======== Extracted entries ========
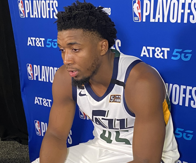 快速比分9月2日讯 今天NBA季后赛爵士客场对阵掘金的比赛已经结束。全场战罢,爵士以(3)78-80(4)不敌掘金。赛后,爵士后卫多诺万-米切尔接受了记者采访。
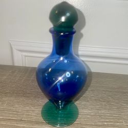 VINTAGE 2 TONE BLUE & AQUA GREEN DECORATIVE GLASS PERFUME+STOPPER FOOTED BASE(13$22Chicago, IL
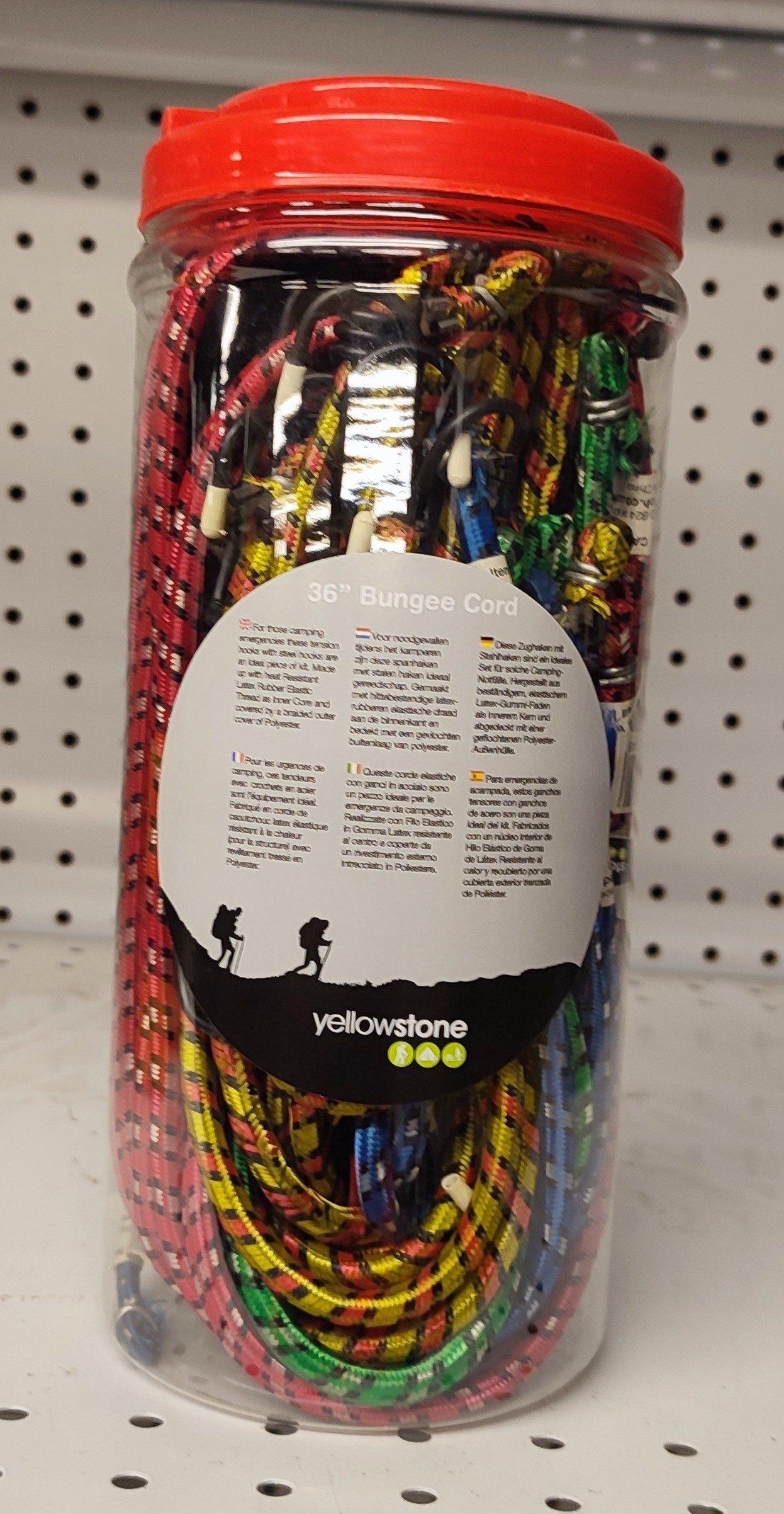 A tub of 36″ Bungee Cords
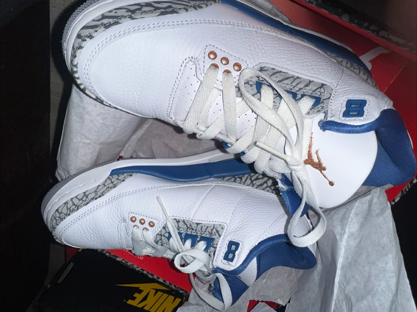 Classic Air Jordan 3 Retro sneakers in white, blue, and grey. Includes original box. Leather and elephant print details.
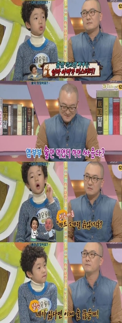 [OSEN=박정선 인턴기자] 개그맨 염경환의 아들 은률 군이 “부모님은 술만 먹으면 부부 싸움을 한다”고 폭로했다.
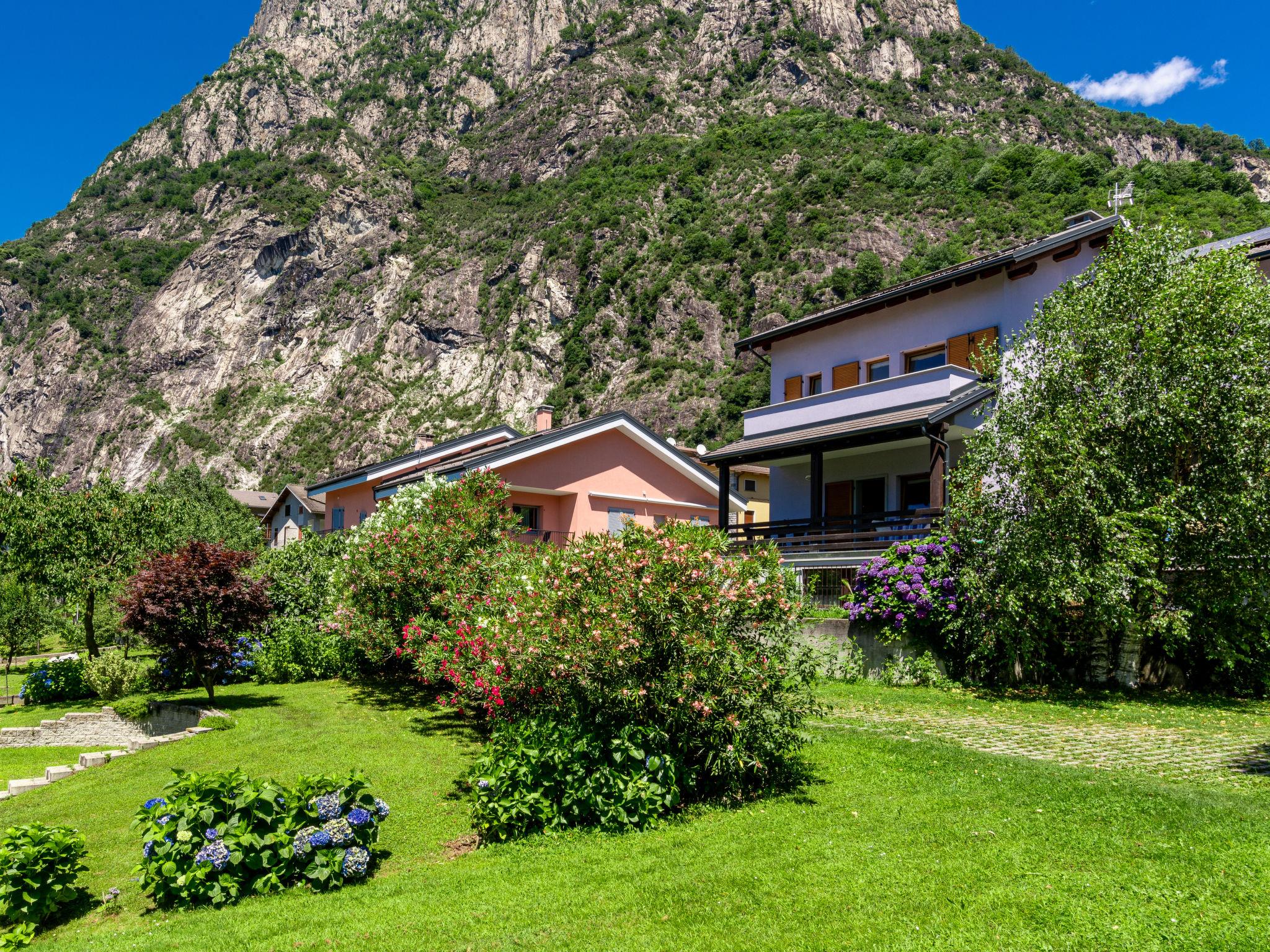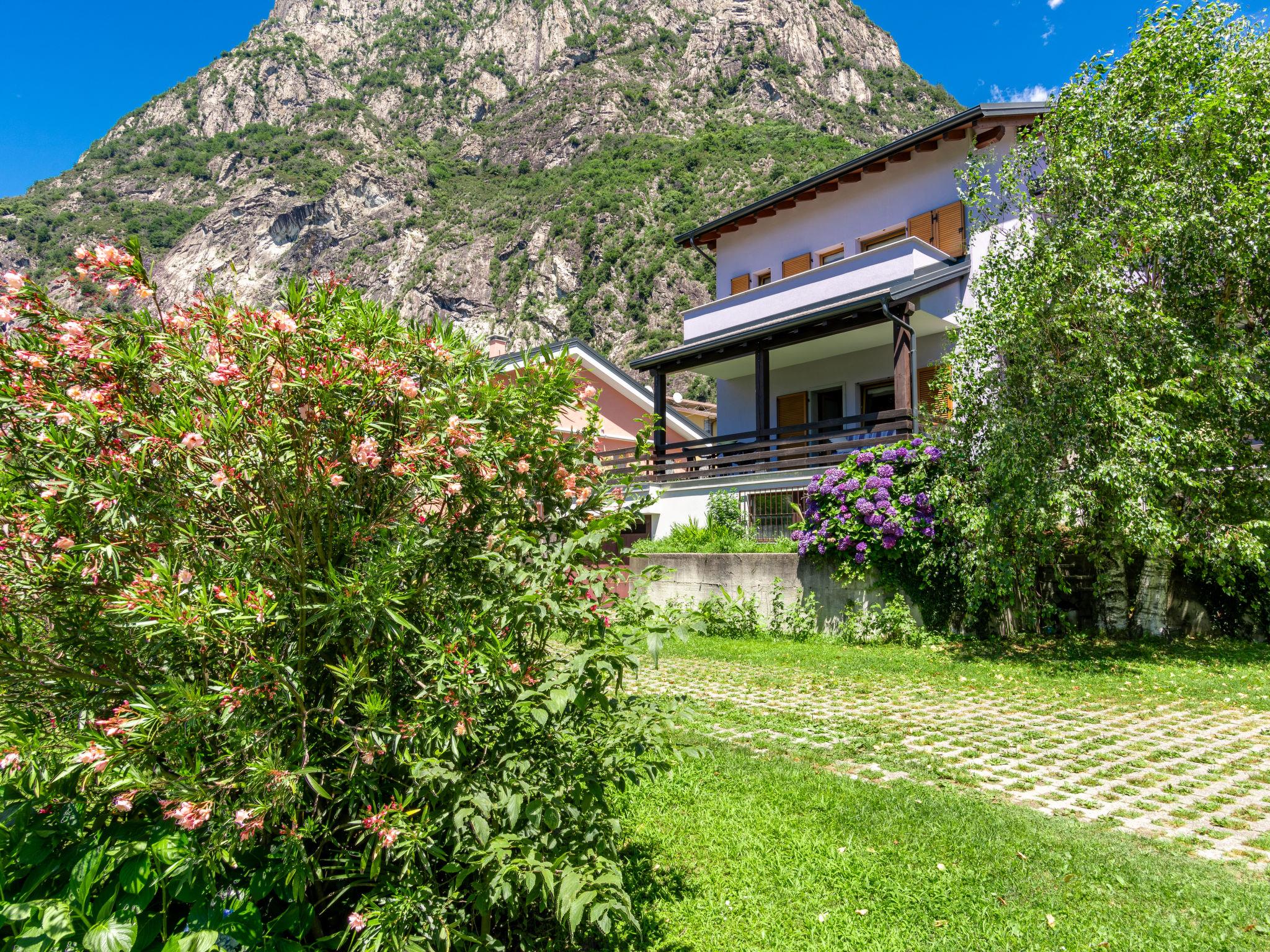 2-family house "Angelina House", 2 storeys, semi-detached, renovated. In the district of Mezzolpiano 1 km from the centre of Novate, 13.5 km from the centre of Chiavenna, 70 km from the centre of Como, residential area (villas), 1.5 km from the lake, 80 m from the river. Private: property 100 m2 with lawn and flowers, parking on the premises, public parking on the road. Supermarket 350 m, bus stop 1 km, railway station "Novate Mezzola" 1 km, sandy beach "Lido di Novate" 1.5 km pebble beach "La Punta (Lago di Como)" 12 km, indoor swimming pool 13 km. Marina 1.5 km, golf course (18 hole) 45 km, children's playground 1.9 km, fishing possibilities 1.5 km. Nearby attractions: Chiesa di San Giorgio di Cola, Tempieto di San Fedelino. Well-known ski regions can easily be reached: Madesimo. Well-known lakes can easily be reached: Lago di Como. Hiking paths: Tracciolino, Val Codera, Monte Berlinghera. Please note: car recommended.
========
Task prompt:
Images must not appear; print each record precisely as it reads.

Result of this exercise:
 快速比分9月2日讯 今天NBA季后赛爵士客场对阵掘金的比赛已经结束。全场战罢,爵士以(3)78-80(4)不敌掘金。赛后,爵士后卫多诺万-米切尔接受了记者采访。
 VINTAGE 2 TONE BLUE & AQUA GREEN DECORATIVE GLASS PERFUME+STOPPER FOOTED BASE(13$22Chicago, IL
 A tub of 36″ Bungee Cords
 Classic Air Jordan 3 Retro sneakers in white, blue, and grey. Includes original box. Leather and elephant print details.
 [OSEN=박정선 인턴기자] 개그맨 염경환의 아들 은률 군이 “부모님은 술만 먹으면 부부 싸움을 한다”고 폭로했다.
 2-family house "Angelina House", 2 storeys, semi-detached, renovated. In the district of Mezzolpiano 1 km from the centre of Novate, 13.5 km from the centre of Chiavenna, 70 km from the centre of Como, residential area (villas), 1.5 km from the lake, 80 m from the river. Private: property 100 m2 with lawn and flowers, parking on the premises, public parking on the road. Supermarket 350 m, bus stop 1 km, railway station "Novate Mezzola" 1 km, sandy beach "Lido di Novate" 1.5 km pebble beach "La Punta (Lago di Como)" 12 km, indoor swimming pool 13 km. Marina 1.5 km, golf course (18 hole) 45 km, children's playground 1.9 km, fishing possibilities 1.5 km. Nearby attractions: Chiesa di San Giorgio di Cola, Tempieto di San Fedelino. Well-known ski regions can easily be reached: Madesimo. Well-known lakes can easily be reached: Lago di Como. Hiking paths: Tracciolino, Val Codera, Monte Berlinghera. Please note: car recommended.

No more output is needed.